Stored data:
◆ ◆ ◆ ◆ ◆ ◆ ◆
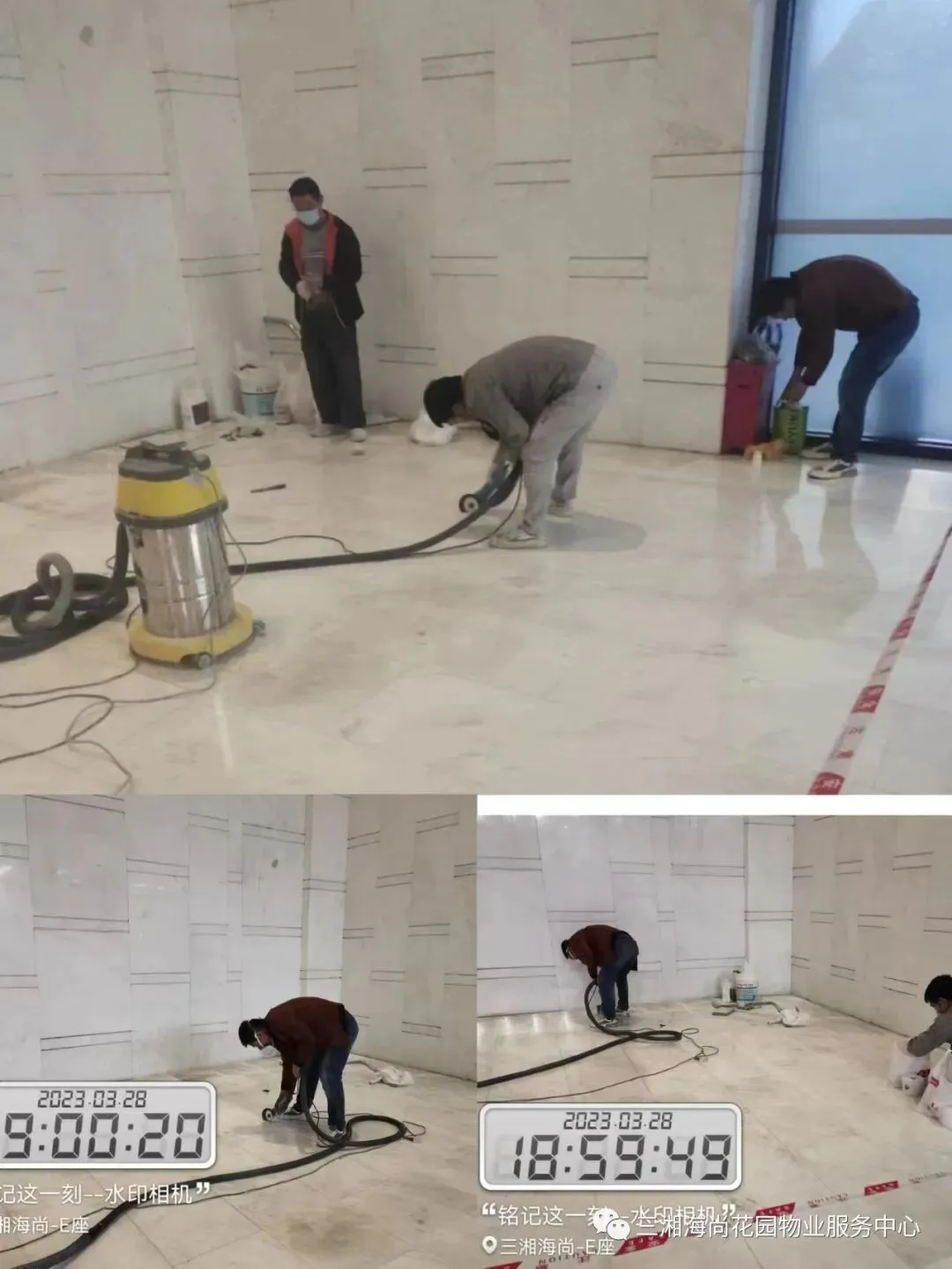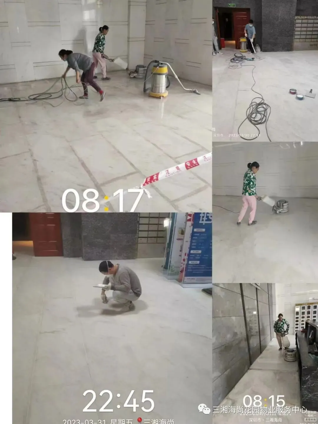 通过专业的养护人员,对大堂地面的大理石进行养护,打磨,抛光、镜面养护。
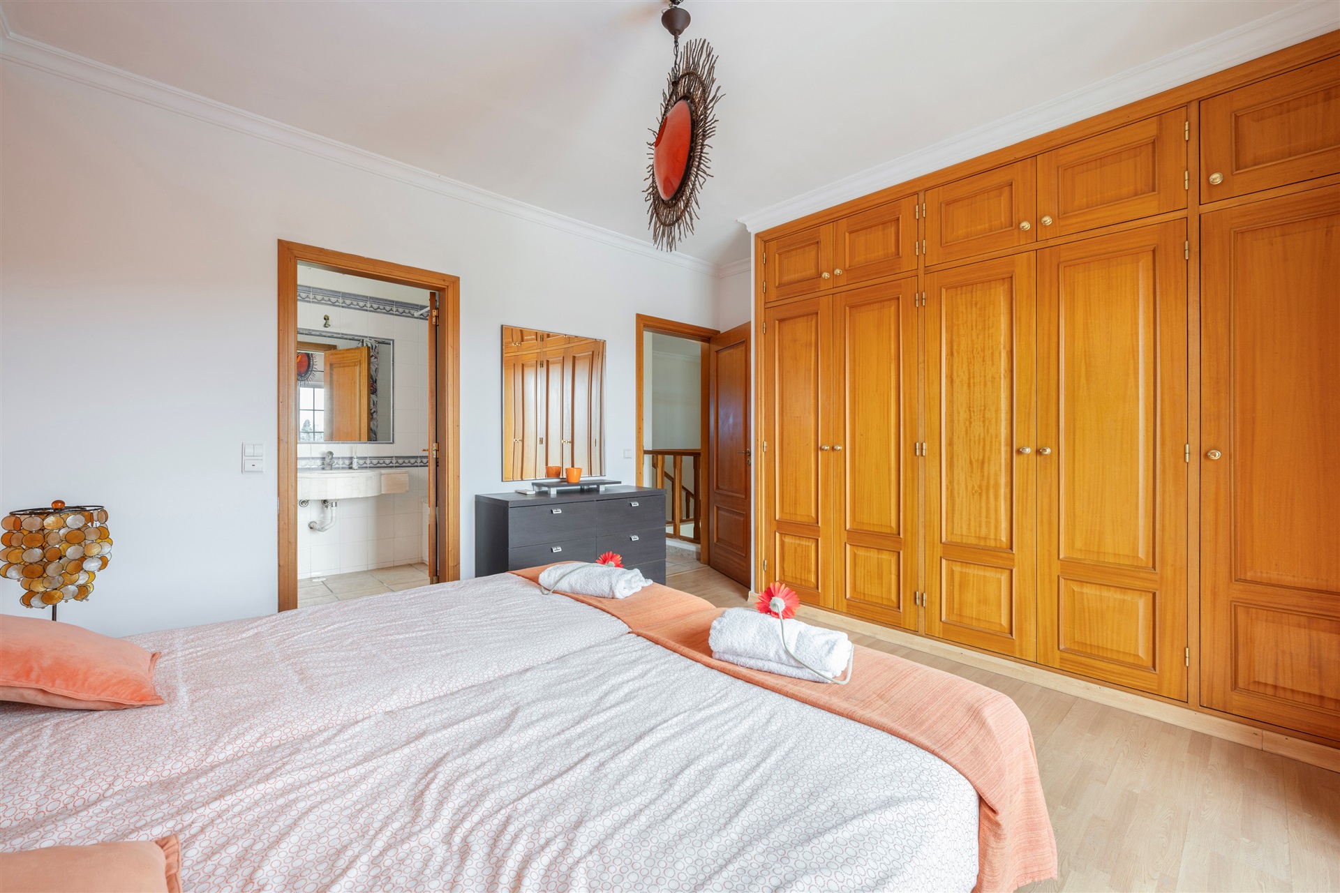 Set in the sought-after residential area of Encostas das Oliveiras, this elegant 3-bedroom villa stands out for its tranquil environment, privacy, and proximity to the marina, golf courses, and beaches, offering the perfect balance between serenity and sophisticated living. With excellent sunlight exposure and abundant natural light, the property features spacious, well-laid-out interiors that extend to inviting outdoor areas, including a private pool, garden, and terraces ideal for leisure and entertaining. On the main floor, the living room enjoys direct access to the exterior, complemented by a fully equipped kitchen, one bedroom, and a bathroom. Upstairs, there are two bedrooms, including a suite, and a second bedroom with access to a generous balcony overlooking the pool. The lower floor offers a versatile area suitable for multiple uses, as well as a private garage/basement. This is an excellent opportunity for a permanent residence, holiday home, or investment.
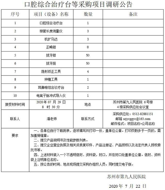 口腔综合治疗台等采购项目调研公告
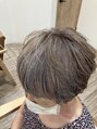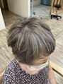 白髪にハイライトとローライトを混ぜた白髪を生かしたデザインカラーです。白髪は隠すのではなく生かして楽しんでいただけたら、と思います。
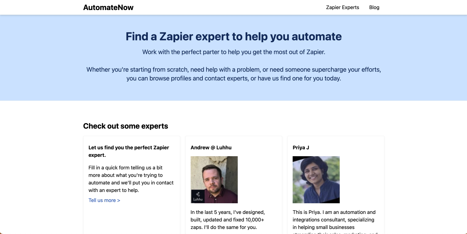 Automation “experts” and agencies have become so popular that finding real experts has become difficult. AutomateNow is a website that lists and sources the best Zapier and automation experts worldwide. Whether you need an entire business process automated or your Zaps consolidated, this expert network is here to help.
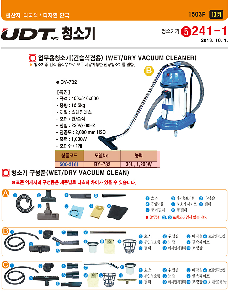 [UDT] ¾÷¹«¿ëû¼Ò±â(BY-782, °Ç½Ä/½À½Ä °â¿ë, 30¸®ÅÍ, 1200Watt)(WET/DRY VACUUM CLEANER)=>Á¦Ç°´ÜÁ¾!
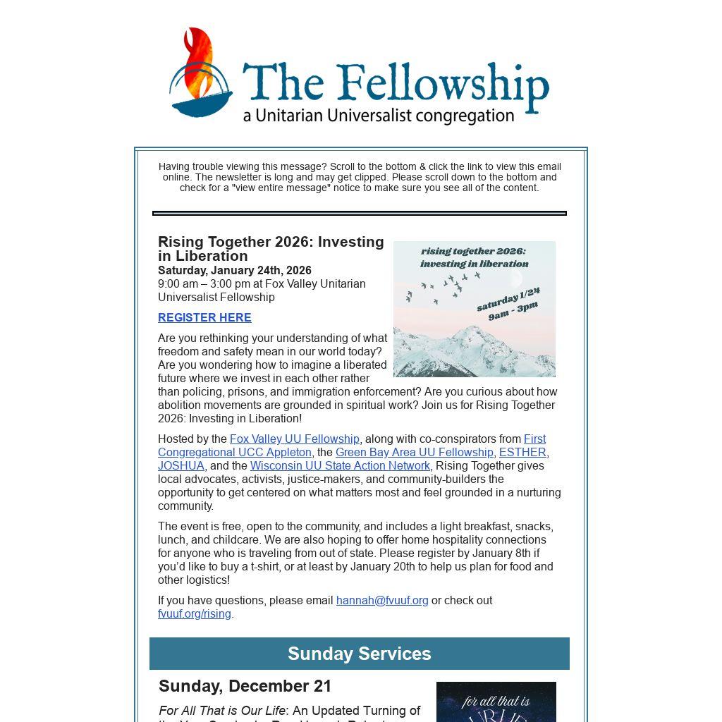 Are you rethinking your understanding of what freedom and safety mean in our world today? Are you wondering how to imagine a liberated future where we invest in each other rather than policing, prisons, and immigration enforcement? Are you curious about how abolition movements are grounded in spiritual work? Join us for Rising Together 2026: Investing in Liberation!
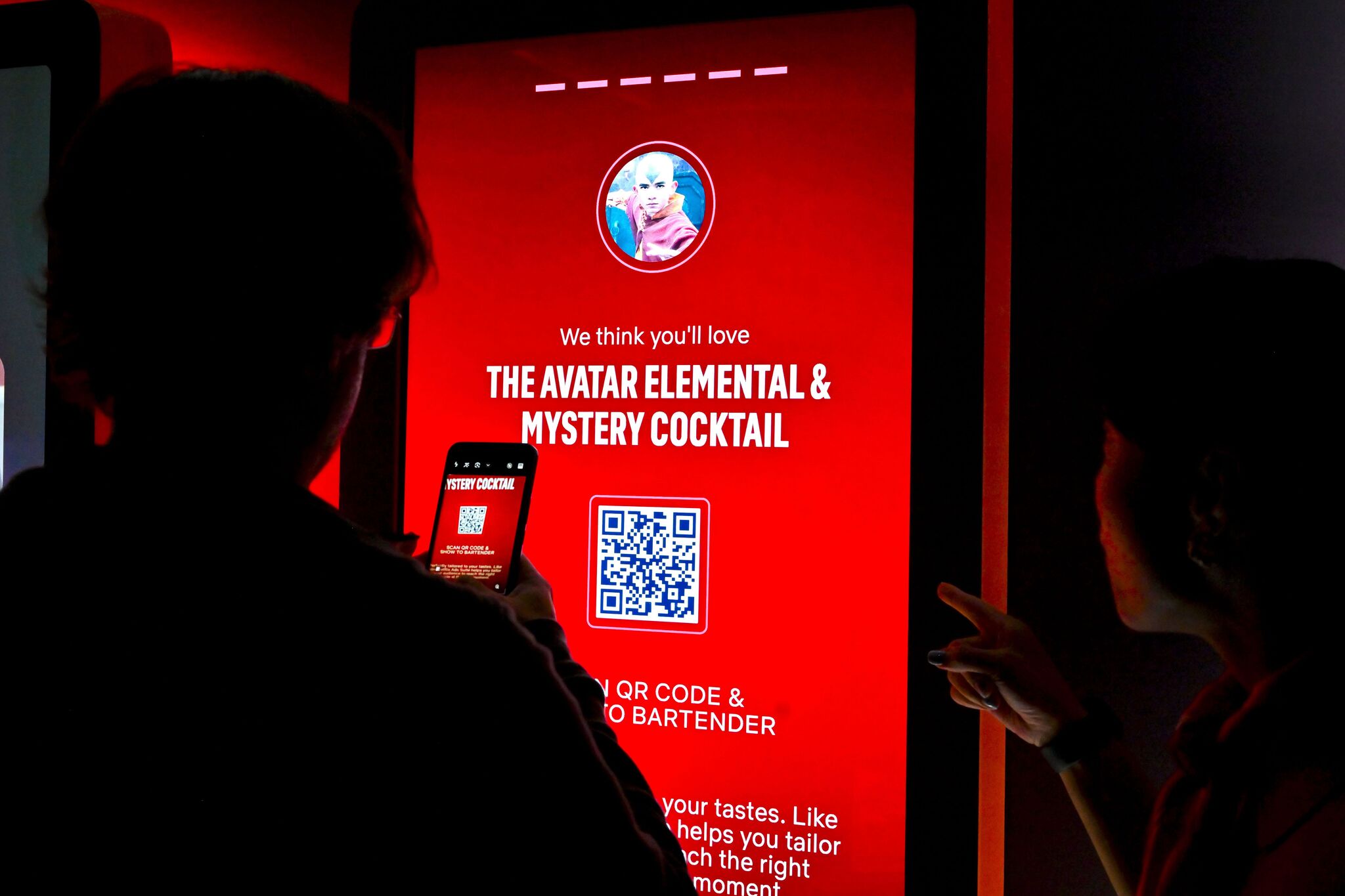Nos bastidores da loja, um bar secreto — acessível apenas por convite — elevava a experiência. Com atmosfera premium, o espaço foi pensado para conversas mais estratégicas, combinando encontros informais, telas interativas e um quiz de mixologia conduzido pelo público, conectando entretenimento e storytelling de marca.
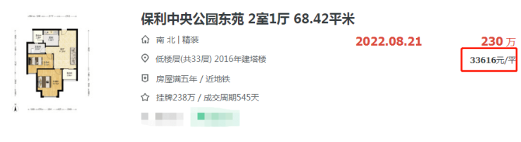 九龙湖的保利中央公园近期一套68.42平的房源竟以3.3万/平的价格成交,而此前同户型成交价基本在3.9万/平左右。
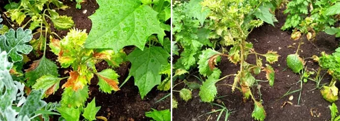 Зморшкуваті, завиті листки – ознака цієї інфекції. Вірусне захворювання призводить до інгібування росту астр. Жодні препарати не допоможуть. Потрібно викопати рослини і спалити.
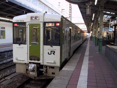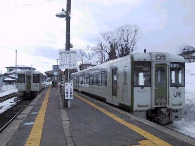 さて、夕暮れせまる新潟を出発したあがの4号は110系気動車の3両編成。夕方のせいか、少し立ち客も出る程度の混雑。新津までは信越本線の架線の下を進む。快速のため、新津までノンストップだ。新津から磐越西線に入り五泉に到着。ここで、過半数の客が下車し、ちょっと車内が落ち着く。五泉は、数年前まで蒲原鉄道が出ていたが、すでに廃線になってしまっている。新潟交通といい、蒲原鉄道といい、新潟県内の情緒ある私鉄各線が次々と廃止になってしまったことは本当に残念である。
◆ ◆ ◆ ◆ ◆ ◆ ◆
→ **Task statement**
Leave out every picture, and write out exactly the lines from the one with "Зморшкуваті, завиті листки" through the end of the records above, both ends included.

→ **Solution to the exercise**
 Зморшкуваті, завиті листки – ознака цієї інфекції. Вірусне захворювання призводить до інгібування росту астр. Жодні препарати не допоможуть. Потрібно викопати рослини і спалити.
 さて、夕暮れせまる新潟を出発したあがの4号は110系気動車の3両編成。夕方のせいか、少し立ち客も出る程度の混雑。新津までは信越本線の架線の下を進む。快速のため、新津までノンストップだ。新津から磐越西線に入り五泉に到着。ここで、過半数の客が下車し、ちょっと車内が落ち着く。五泉は、数年前まで蒲原鉄道が出ていたが、すでに廃線になってしまっている。新潟交通といい、蒲原鉄道といい、新潟県内の情緒ある私鉄各線が次々と廃止になってしまったことは本当に残念である。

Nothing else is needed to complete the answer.